Does anyone know the exact communication flow in when ISE sends a CoA due to an endpoint profiler change? Does the PSN that owns the endpoint send a CoA (UDP/1700) or is the PAN/MNT always involved?
I have a fully distributed ISE 3.0 deployment (Dedicated PANs, dedicated MNTs, many PSNs) where all the nodes are in the DC (including the PSNs). Profiling has been working well and the sessions get a re-auth when ISE profiles an endpoint. No CoA errors.
A new PSN has been added to the deployment which is outside of the data centre (over a WAN) - the issue I have is that I have CoA failures after profiling (ISE doesn't get the CoA ACK). Yet, when I perform a manual session reauth for endpoints on that "remote PSN", I don't have any errors. The CoA config on the NAS in the remote location is correct (I have seen the CoA and the CoA ACK in Wireshark).
The Wireshark of a profiling use-case was performed (I deleted the endpoint in ISE prior to starting). I ran tcpdump on both PANs, both MNTs and the remote PSN. I didn't see any UDP/1700 or UDP/3799 traffic relating to that endpoint when ISE learned the new endpoint and profiled it. The session is created correctly - but LiveLogs show multiple CoA errors relating to the failed CoA.
I suspect that either the PAN or MNT is initiating some communications to the remote PSN - and that a firewall is blocking that. If not, then what could possibly cause this, given that a manual CoA works just fine (meaning that RADIUS shared secret and NAS config is correct). I can see TCP communications (looks healthy) between the remote PSN and the PAN/MNTs in the data centre.
Hi @Arne Bier. I haven't done a packet capture on this for a few years, but last time I did one it confirmed that a triggered CoA (after profiling) is initiated directly by the owning PSN (UDP/1700). When a manual CoA is issued from the GUI, the PAN sends a CoA (UDP/3799) to the owning PSN which then sends the CoA (UDP/1700) to the NAD. Upon ACK from the NAD (UDP/1700), the PSN sends an ACK to the PAN (UDP/3799). AFAIK, this behaviour has not changed.
The CoA behaviour is configured in two places, globally (Admin > System > Settings > Profiling) and in the Profiling Policy itself.

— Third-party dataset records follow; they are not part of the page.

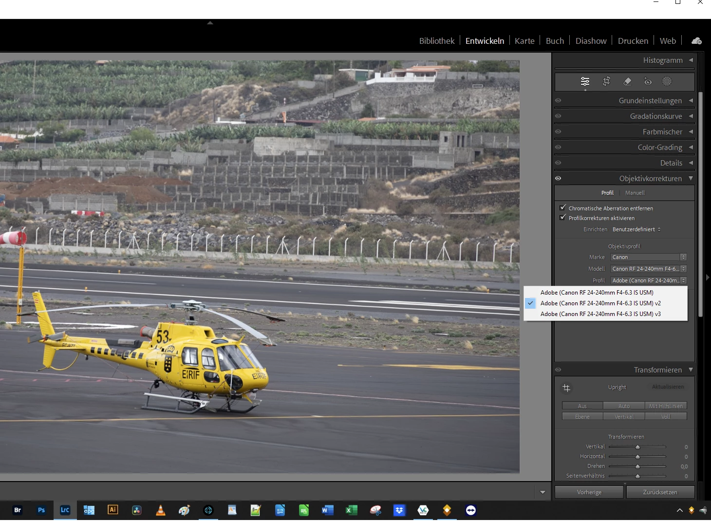 4. Select "Profile": Adobe (Canon RF 24-240mm F4-6.3 IS USM) v2
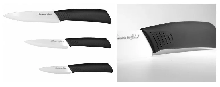 Keramické nože mají bílé ostří nožů, ergonomicky tvarovanou a protiskluzovou rukojeť. Jsou vhodné i jako dárek. Sada nožů je zabalena do krásného dárkového balení. V sadě naleznete nůž na okrajování, nůž na ovoce a zeleninu a univerzální kuchařský keramický nůž.
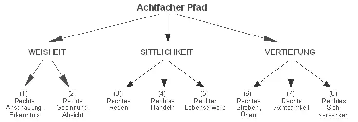 Der achtfache Pfad oder Weg setzt sich aus folgenden acht Teilen oder Gliedern zusammen:
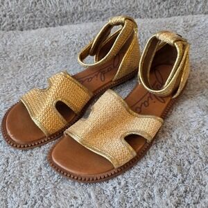 Zodiac Metallic Gold Woven Leather Ankle Strap Sandals Womens Shoes Sz 8.5
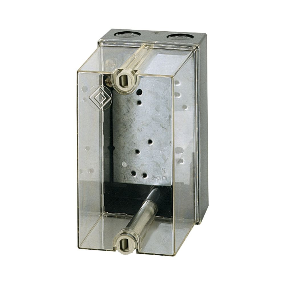 Leergehäuse, Deckel transparent, metrische Vorprägungen oben und unten, mit PEN-Klemme, Einzelgehäuse IP55, ohne Lochplatte

I know you mention that it works at other sites, but if you haven't already, I would suggest confirming that the Global setting is 'Reauth' and the Profiling Policy that's being hit in your remote site testing is not overriding that.

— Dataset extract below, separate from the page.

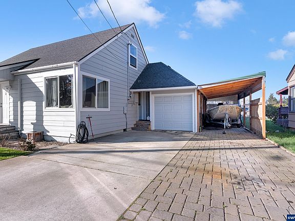 Charming Hobby Farm in the City! This 4-bed, 1-bath home sits on nearly 1/4-acre. The open family and dining area flows into the kitchen, leading to a covered outdoor space with a stunning propane stone fireplace. The backyard retreat features a treehouse with a slide, chicken coops, an insulated dog house, a workshop, RV parking, a boat/carport, and a garden. Enjoy fruit trees, berries, and privacy with no neighbors across the street. Seller is licensed in OR.
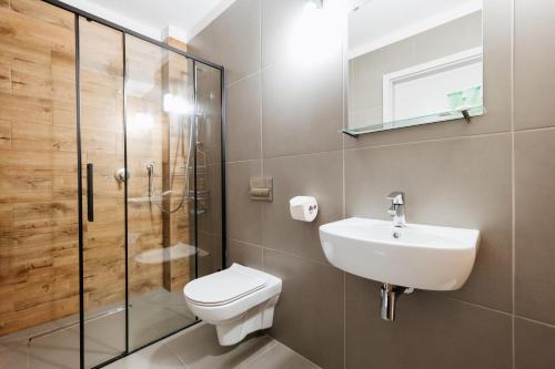 Die Apartments im Nowe Mikołajki verfügen über komplett ausgestattete Küchenzeilen mit einem Essbereich sowie bequeme Sitzbereiche. Ihr eigenes Bad ist mit einer Dusche oder einer Badewanne ausgestattet.

If the global and policy level CoA settings are correct, you'll likely have to set the Profiling logs to debug on the PSN using the Debug Wizard and see if the logs give you any indication as to what is happening.
thanks @Greg Gibbs - my experience with ISE 3.0 showed that when I perform a Manual CoA Reauth in Live Sessions, the UDP/1700 was initiated directly from the PSN that owns the endpoint. When ISE profiles that same endpoint for the first time, I don't see any UDP/1700 on any PAN, MNT or PSN. I think I may have an odd issue here (a WLC defined in ISE with two IP addresses, due to the way the network was setup). In Live Log Details I see both WLC IP addresses referenced, and it's probably causing the issue.
I am going to simplify the WLC setup and then only have one IP address for the WLC - that should hopefully fix it.